◆ **Instructions to follow**
Return only what runs from the line containing "SwiftUI에서 scene은 UI에서" through the last line of the entries below, exactly, omitting pictures.

◆ **Records**
= Beginning of Section =

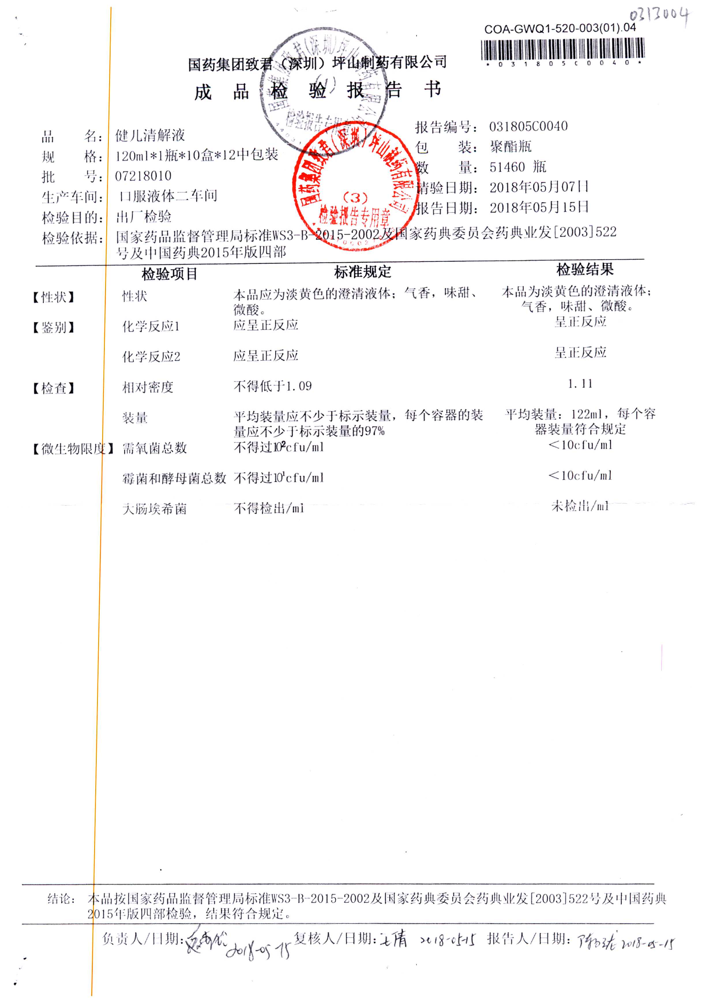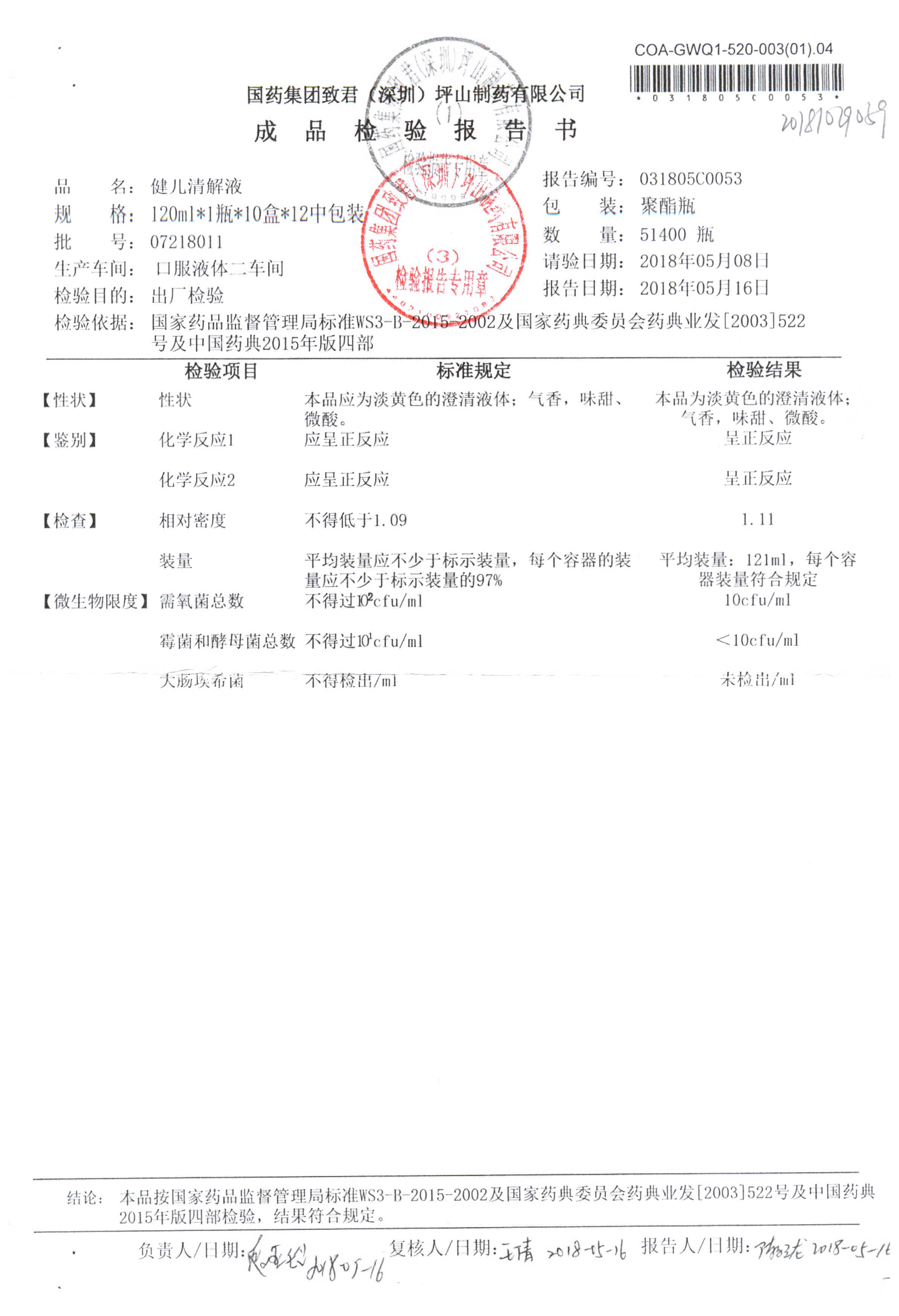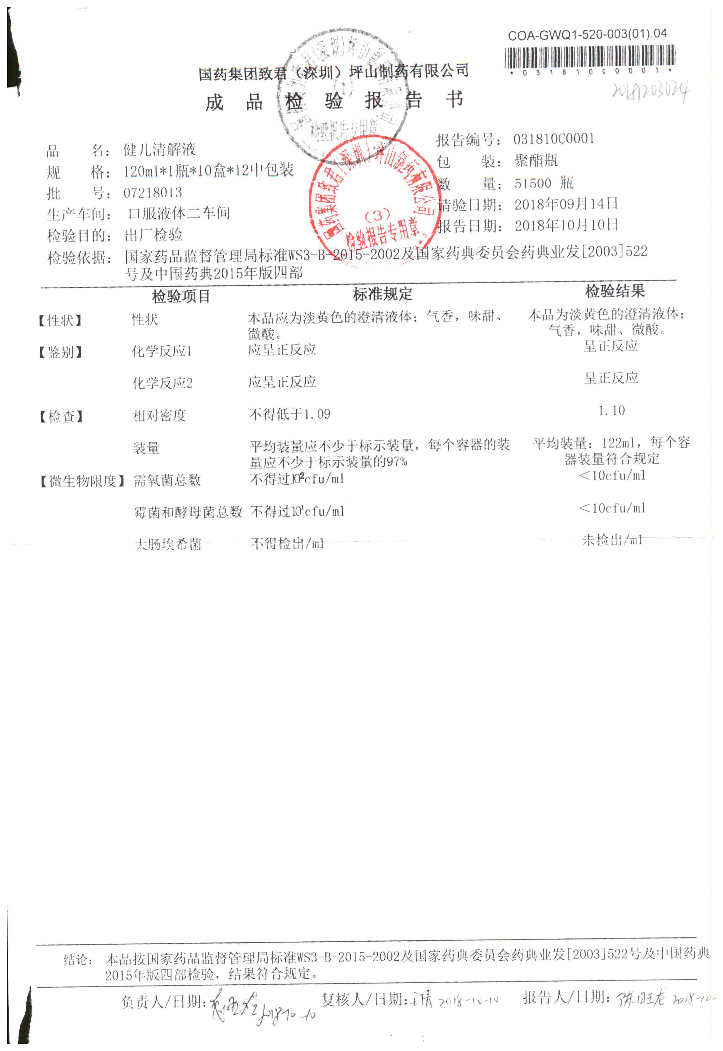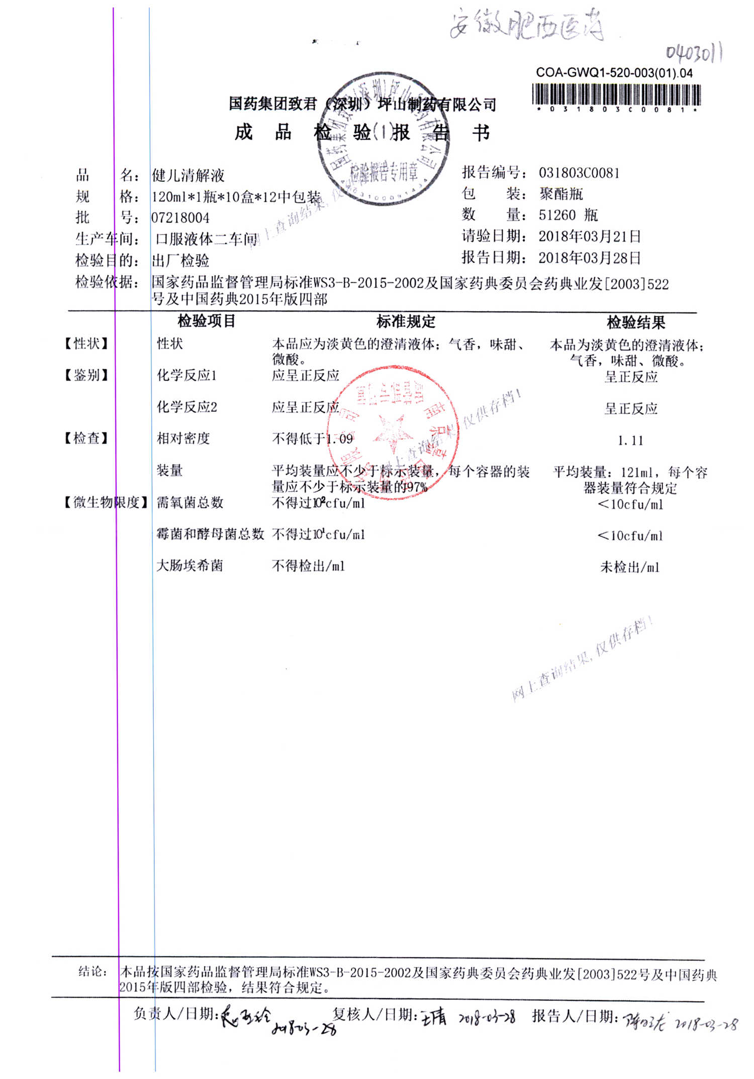名稱 規格 批號 藥檢報告
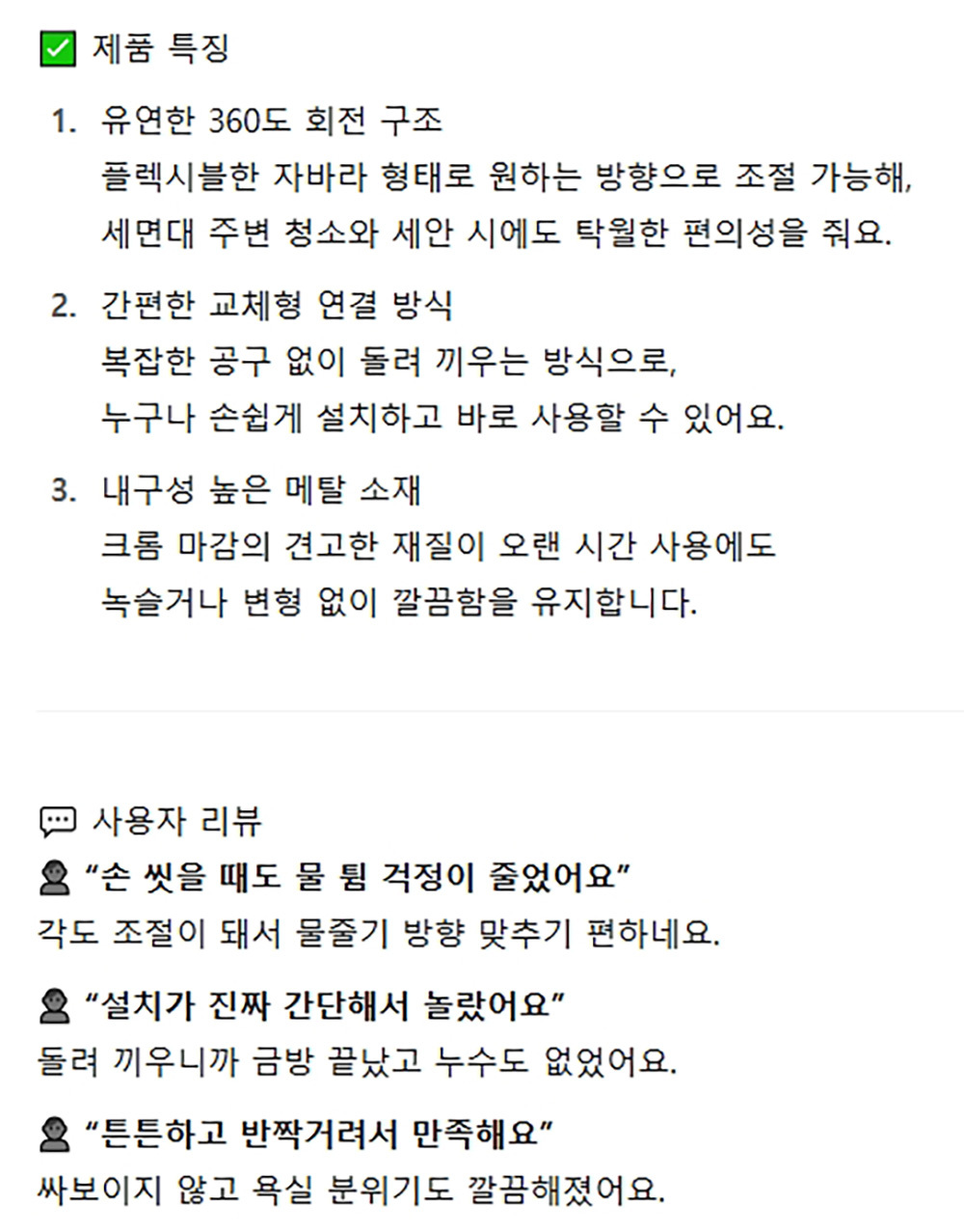 유연한 360도 회전구조 주방용 매직 교체형 자바라
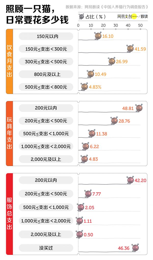 此前我们对中国人的养猫习惯做过调查,发现有 41.59% 的猫猫月均伙食花费在 150 元到 300 元之间,还有四成吃得更贵。
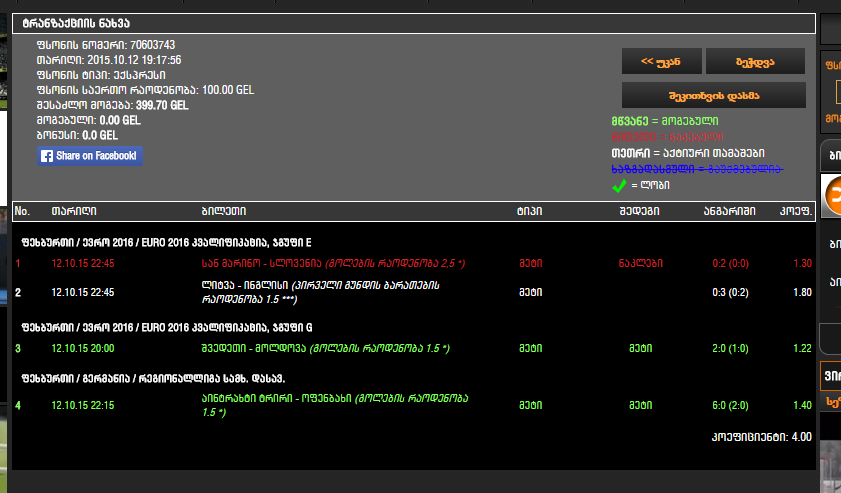ტოტალიზატორი, GREEN
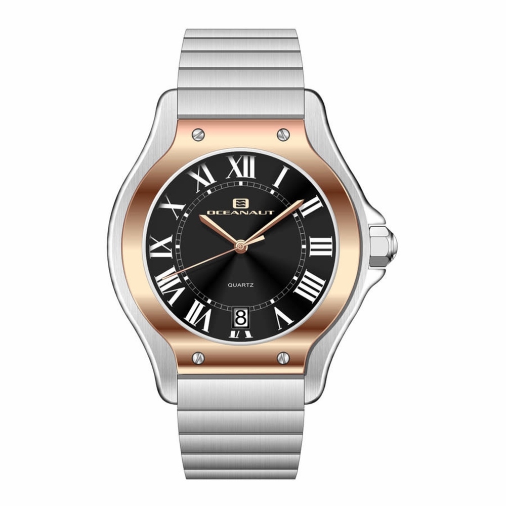 Silver-tone stainless steel case and bracelet. Fixed rose gold-tone stainless steel bezel. Black dial with rose gold-tone hands and Roman numeral hour markers. Minute markers around the outer rim. Dial Type: Analog. Date display at the 6 o'clock position. Quartz movement. Scratch resistant mineral crystal. Round case shape, case size: 35 mm, case thickness: 12 mm. Band width: 16 mm, band length: 7.5 inches. Fold over clasp with a safety release. Water resistant at 50 meters / 165 feet. Functions: date, hour, minute, second. Rayonner Series. Fashion watch style. Oceanaut Rayonner Black Dial Ladies Watch OC1299.
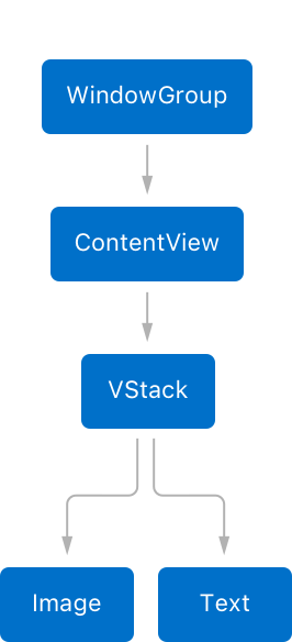 SwiftUI에서 scene은 UI에서 표시될 뷰 계층이 포함되어 있습니다. 뷰 계층은 다른 뷰와 관련된 뷰의 레이아웃을 정의합니다. 이 예제에서 WindowGroup Scene은 다른 뷰를 구성하는 ContentView가 포함되어 있습니다.
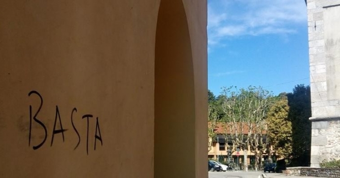 Con le scritte non si è vista, almeno sin ora, la stessa opposizione. Le scritte sono lì da settimane ormai: da via Bolchini scendendo in piazza Ferrucci, di fronte al campanile, sui muri del portico ormai privo di attività commerciali.

= End of Section =

◆ **Response**
 SwiftUI에서 scene은 UI에서 표시될 뷰 계층이 포함되어 있습니다. 뷰 계층은 다른 뷰와 관련된 뷰의 레이아웃을 정의합니다. 이 예제에서 WindowGroup Scene은 다른 뷰를 구성하는 ContentView가 포함되어 있습니다.
 Con le scritte non si è vista, almeno sin ora, la stessa opposizione. Le scritte sono lì da settimane ormai: da via Bolchini scendendo in piazza Ferrucci, di fronte al campanile, sui muri del portico ormai privo di attività commerciali.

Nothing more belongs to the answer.